One thing I know for sure is that the human body doesn't suffer from a deficiency of prescription drugs.

I also know that nutritional deficiencies can cause disease conditions and that targeted nutritional supplements can correct deficiencies.

I definitely do not approve of shot-gun methods of nutritional supplements without metabolic functional testing for deficiencies and I'm not in favor of self-diagnosis or treatment without medical supervision from a qualified nutritionally-oriented physician or other medical professional. Once the diagnosis is established, nutritional interventions can be applied instead of drugs if a patients chooses to go that route. I do.

The information I typically glean comes from well-respected medical professionals who have gone beyond traditional medical education which excludes nutritional education, and have have gone the extra mile to learn about nutritional intervention. By their own experiences with patients, they have developed a sense of efficacy and success in treating with supplements. They are excited to share the results. I'm happy to learn of them as well.
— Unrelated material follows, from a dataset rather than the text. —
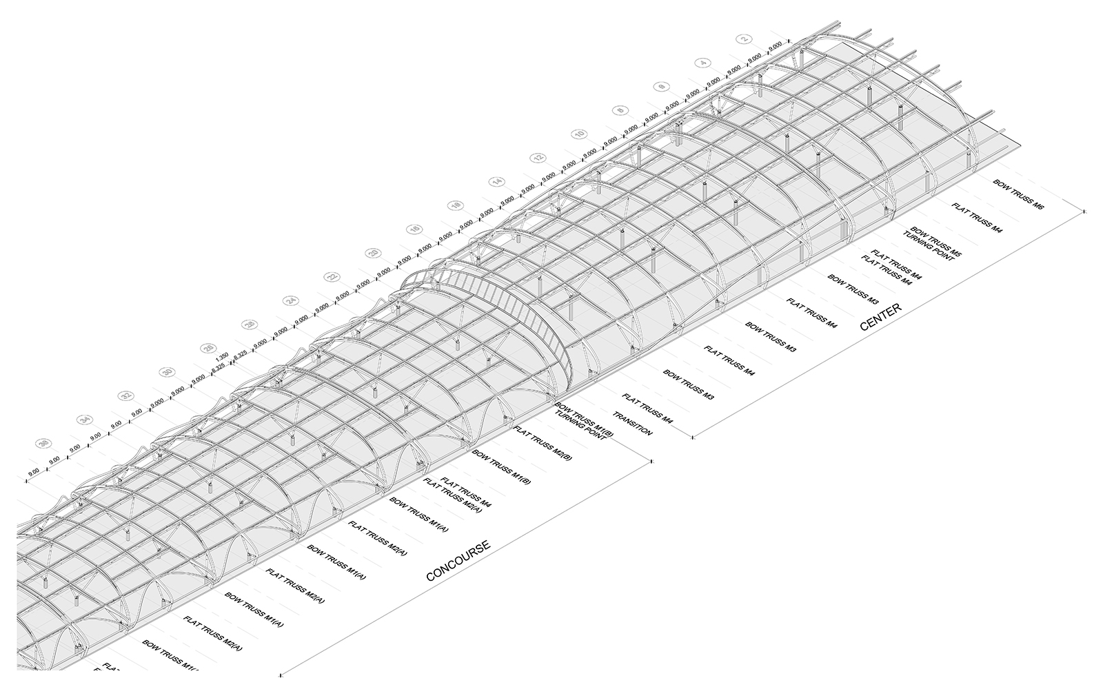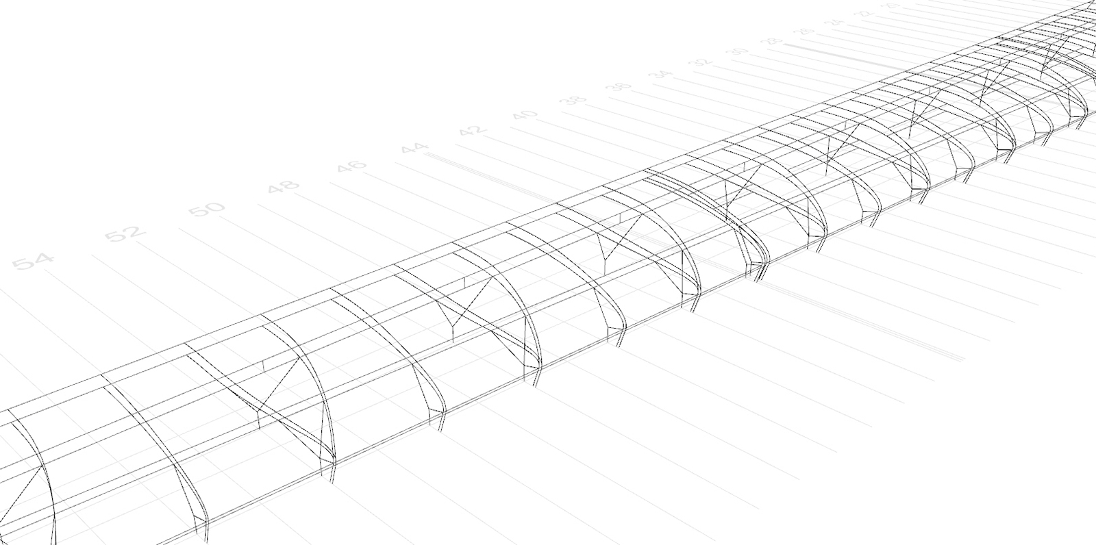 Initial conceptual design studies were first undertaken using McNeel’s Rhinoceros 5.0. These studies culminated in a wireframe model which defined the structural setting-out of the entire concourse. Due to a lack of computational skills within the project team, this was manually produced as opposed to using Grasshopper. Once the initial Rhino conceptual design studies were complete, the entire model was rebuilt from scratch using Autodesk Revit 2013. As it will be shown, this proved to be very tedious and ultimately unsuccessful, as Revit was unable to replicate the Rhino setting-out geometry, which was critical to the project.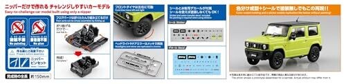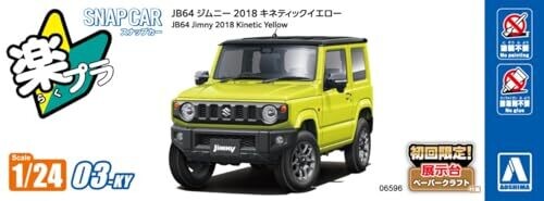 Immersive 1:24 scale model of the JB64 Jimny 2018 in Kinetic Yellow by Aoshima. Color-molded parts require no painting, and the clean snap-fit assembly delivers a compact display model that captures the square, rugged character of the vehicle.

As you and I both know, until patents can cover supplements (which they won't because natural materials aren't patentable) there will be no such studies to satisfy those who only want to look at published data rather than the live results of successful nutritional interventions.

Because of my medical injuries, my mission is to create awareness and that's exactly what I intend to continue to do because nutritional therapies work. I observe that success everytime I work in my functional medicine MDs office and watch patients who originally arrived severely compromised come come back feeling better and better. Their testimonials are awesome, and my own journey of correcting health issues by targeted nutritional means motivates me to continue to share information with those seeking it.

I can only say to your question of risking 10 lives to save 1000, we can't ask the 10 what their opinion would be, but I'm guessing they'd say it wasn't worth the risk. Dead is dead. If risks are known, then we can choose to avoid; the people who aren't aware of existing risks are risks are the ones to whom I address my concerns.

Creating awareness is just that. It's done so people can decide for themselves what is right for them. I honor your choice to do that for you.
I do this because no one warned me of the downsides....that's called informed consent.... and I didn't receive it and because I trusted the medical establishment, I was harmed. If I can help prevent this in others, I'm certainly willing to try.